話題:今日見た夢




何もかもが清潔な、言葉を変えれば無機質な白に染め上げられた部屋で友人を看取った。
悲しいのかも最早、私には分からない。

不思議な病が蔓延していた。
薔薇の花によく模した痣が身体に浮かび上がり、そして死に至る病。

原因も治療法も全く不明ではあるが、身体の何処かに浮かんだ痣が色鮮やかになるにつれ、花が枯れていくように緩やかに衰弱していき死に至る為、苦しむこと無く眠るように逝けるのだそうだ。

不治の病と恐れられる病であったが、私的には理想の死に方だと思う。
事故にしろ病気にしろ、何かしらの原因で訪れる人生の終なんてものは大概痛みに苦しむからだ。
痛みも苦しみも無いまま死ねる幸福な人間なんて、この病にならない限りは僅か一握りくらいしか居ないだろう。

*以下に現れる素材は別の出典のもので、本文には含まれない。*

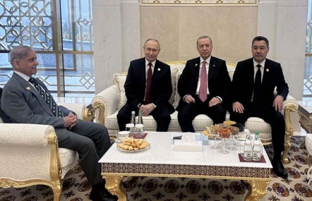 Prime Minister Shehbaz Sharif on Friday exchanged pleasantries with the world leaders in Turkmen capital Ashgabat attending the international forum in connection with the International Year of Peace and Trust 2025, the International Day of Neutrality, and the anniversary of Turkmenistan’s permanent neutrality. On the sidelines of the event, the prime minister held informal interactions with Russian President Vladimir Putin, Turkish President Recep Tayyip Erdogan, Tajikistan President Emomali Rahmon and Kyrgyz President Sadyr Zhaparov. The prime minister, who delivered an address at the forum earlier in the day, drew significant attention as leaders gathered in a room, engaging in an infromal discussions on issues of mutual interest. A video clip released by the Prime Minister’s Office showed Prime Minister Shehbaz warmly holding hands with Russian President Putin and Kyrgyz President Japarov while engaging in separate conversations with them. Earlier, he also joined the world leaders at the iconic Neutrality Monument here, where they participated in a wreath-laying ceremony before addressing the forum where he reaffirmed Pakistan’s commitment to the peaceful settlement of global disputes, while urging the international community to press the Afghan Taliban to honour their international obligations and curb terrorist groups operating from Afghan soil.
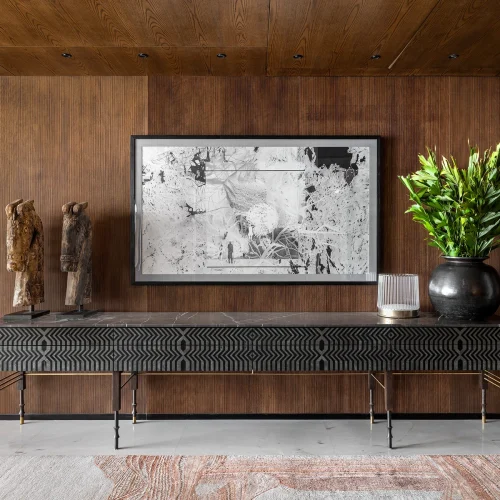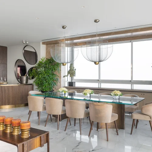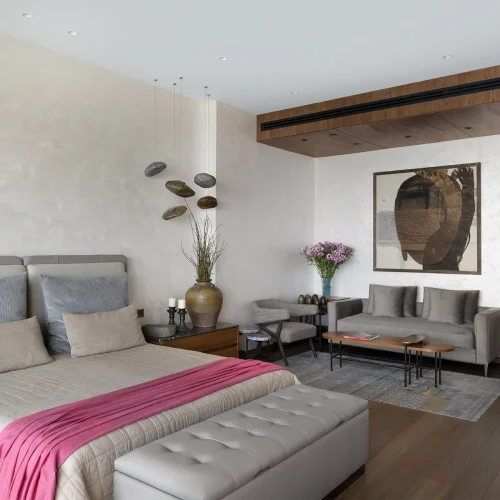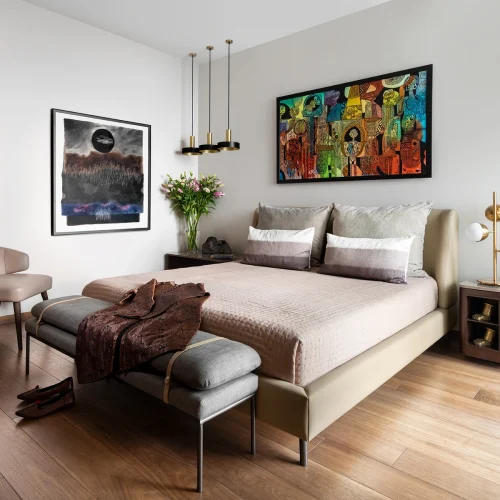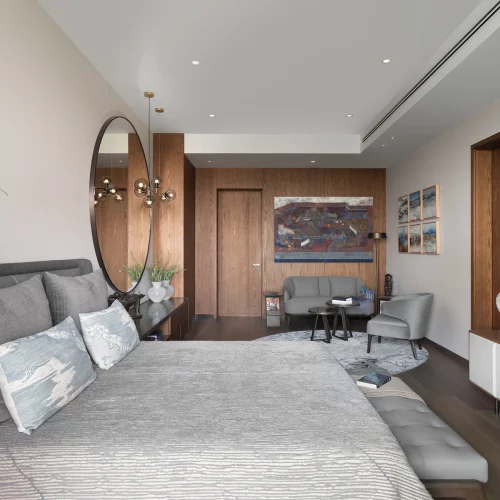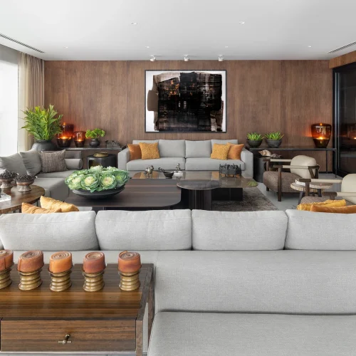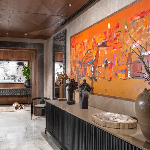 The interiors feature a harmonious mix of wood, marble, and neutral tones accented with bold artwork and sculptural decor.
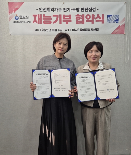 [뉴스앤톡] 하남시 미사3동행정복지센터와 ㈜한영이엔씨는 지난 11월 6일,‘안전취약가구 전기안전 사고예방을 위한 전기·소방 안전점검 재능기부 협약식’을 체결했다.
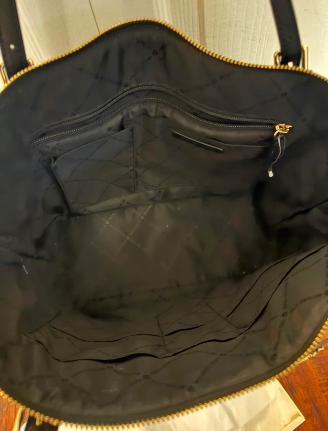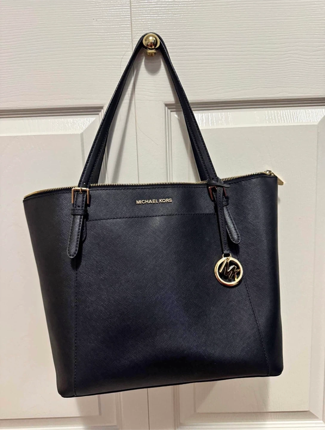 A classic black Michael Kors tote bag. It's made of saffiano leather and features a zip-top closure.
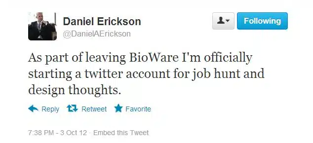 Well, now we stumbled across this Tweet and this new Twitter account from Daniel Erickson and it’s clear that he has officially left BioWare and is on the job hunt. So he has known for at very least, the month of September that he was leaving or was already gone.
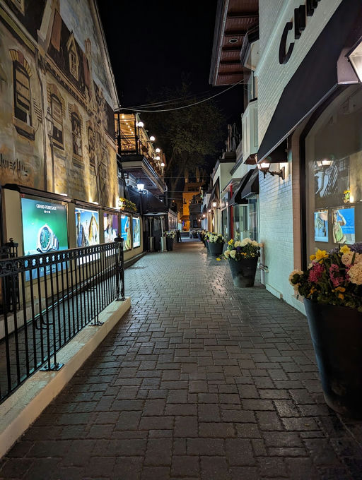 Upscale shops & restaurants surround this small open space & events site with a fountain.

首元に鮮やかな薔薇の痣を咲かせた友人の安らかな寝顔に、私はそう思い込むことしか出来なかった。

私の手首にも痣が浮かんでいる。
元々、暗紫色のぼんやりとした形の痣でしかなかったそれは少しずつ色鮮やかになり、形をはっきりと浮かび上がらせていた。
その所為か酷く瞼が重い。
友人も眠いとよく口にしていたのを思い出す。

じきに私も眠りに就くのだろう。

緩やかに力が入らなくなり始めている自身の身体に、ぼんやりとそう思った。






夢の前後はよく覚えていないので記憶に残った部分だけ。
もしかしたら書いた部分の内容しか夢を見ていないのかもしれないが、何となく綺麗な夢だった。